On to the recipe. The only adaptation I made was that I prepared four cups of stock (instead of two) and used three cups. I noticed that while the soup was simmering it was becoming dry and sticking to the bottom of the pot. Yes, this soup is incredibly thick but it is custardy, not dry. There is a difference and it is an important one. So as I instruct in the recipe below, start with two cups of liquid which is added in a manner similar to risotto, by the ladleful waiting for the first batch to be incorporated before adding the next. And if you need to add more liquid during the cooking time, slowly introduce up to two additional cups.

We enjoyed the Pappa al Pomodoro with a sharply dressed arugula salad and glass of Chianti.
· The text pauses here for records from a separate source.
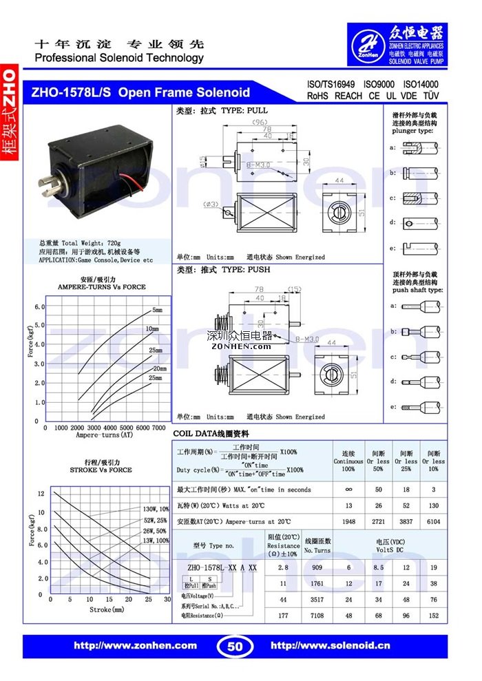 ZHO-1578 用于游戲機(jī),機(jī)械設(shè)備等直線推拉式電磁鐵
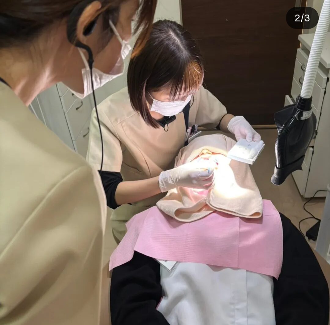 先日衛生士学校の実習生にホワイトニングを体験してもらいました🦷
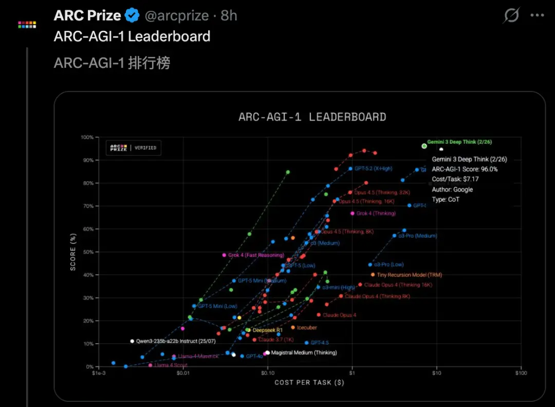 另外,Gemini 3 Deep Think在ARC-AGI-1上,直接顶到头了。
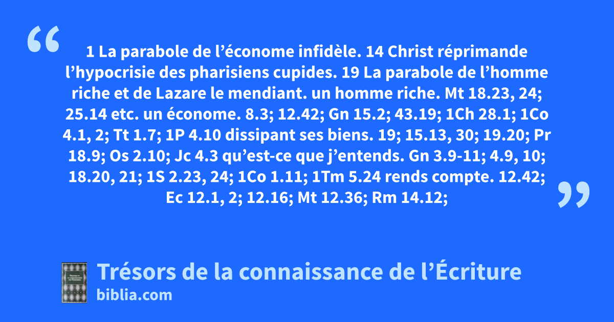 1 La parabole de l’économe infidèle. 14 Christ réprimande l’hypocrisie des pharisiens cupides. 19 La parabole de l’homme riche et de Lazare le mendiant.
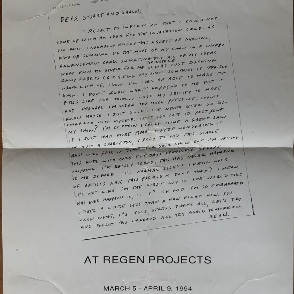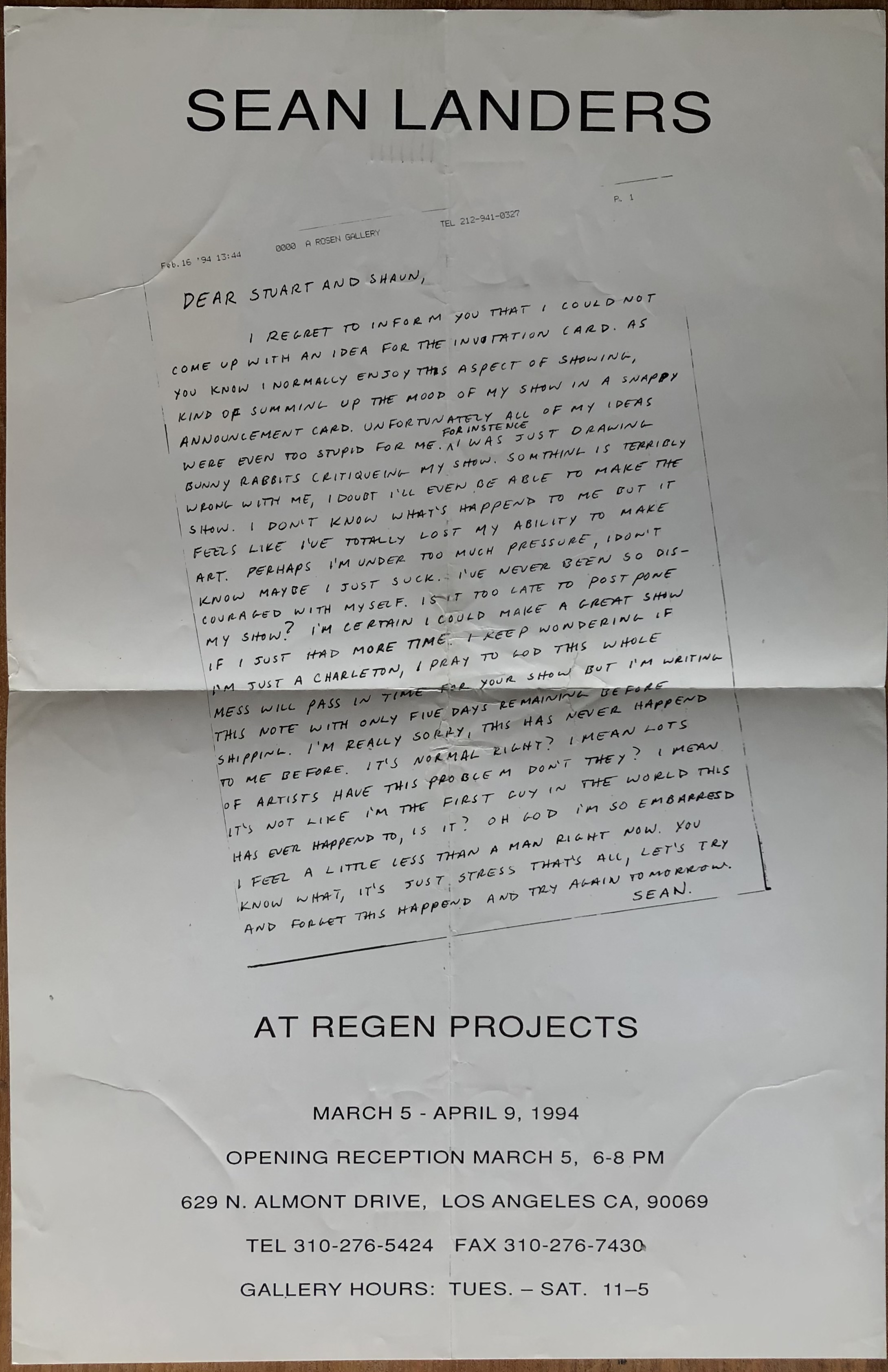 (Sean Landers). Sean Landers at Regen Projects. March 5 – April 9, 1994

It was the perfect Sunday supper. I hope that you find it to hit the spot any night this week. Enjoy!

Pappa al Pomodoro

Pappa al Pomodoro

Servings: 4

Ingredients

  • 2 Tbls extra-virgin olive oil, plus more for drizzling
  • pinch red pepper flakes
  • 2 cloves garlic, thinly sliced
  • 1/2 medium onion, minced about 1/2 cup
  • 1 28-oz can San Marzano whole tomatoes crushed by hand with juices
  • 2 sprigs fresh basil plus torn leaves for serving
  • 6 oz fresh or stale rustic bread, torn or cut into 1-inch chunks
  • 4 cups warm vegetable or chicken broth you may only use 2 cups
  • Kosher salt and freshly ground black pepper

Instructions

  • In a large saucepan, heat 2 Tbls olive oil over medium heat until shimmering. Add red pepper flakes and garlic and cook, stirring, until garlic just begins to turn golden. Add onion and cook, stirring, just until softened, about 5 minutes. Add hand-crushed tomatoes and their juices, along with basil sprigs, and bring to a simmer.
  • Stir in bread. Ladle stock on top, one cup at a time, stirring to combine–initially adding two cups of stock. Simmer bread, adding more stock as needed (I added three cups total), until bread is completely softened and custardy and soup has thickened to a porridge-like consistency, about 25 minutes. Season with salt and pepper. Discard basil sprigs.
  • Spoon into bowls, generously drizzle with olive oil, and grind black pepper on top. Garnish with torn basil leaves and serve.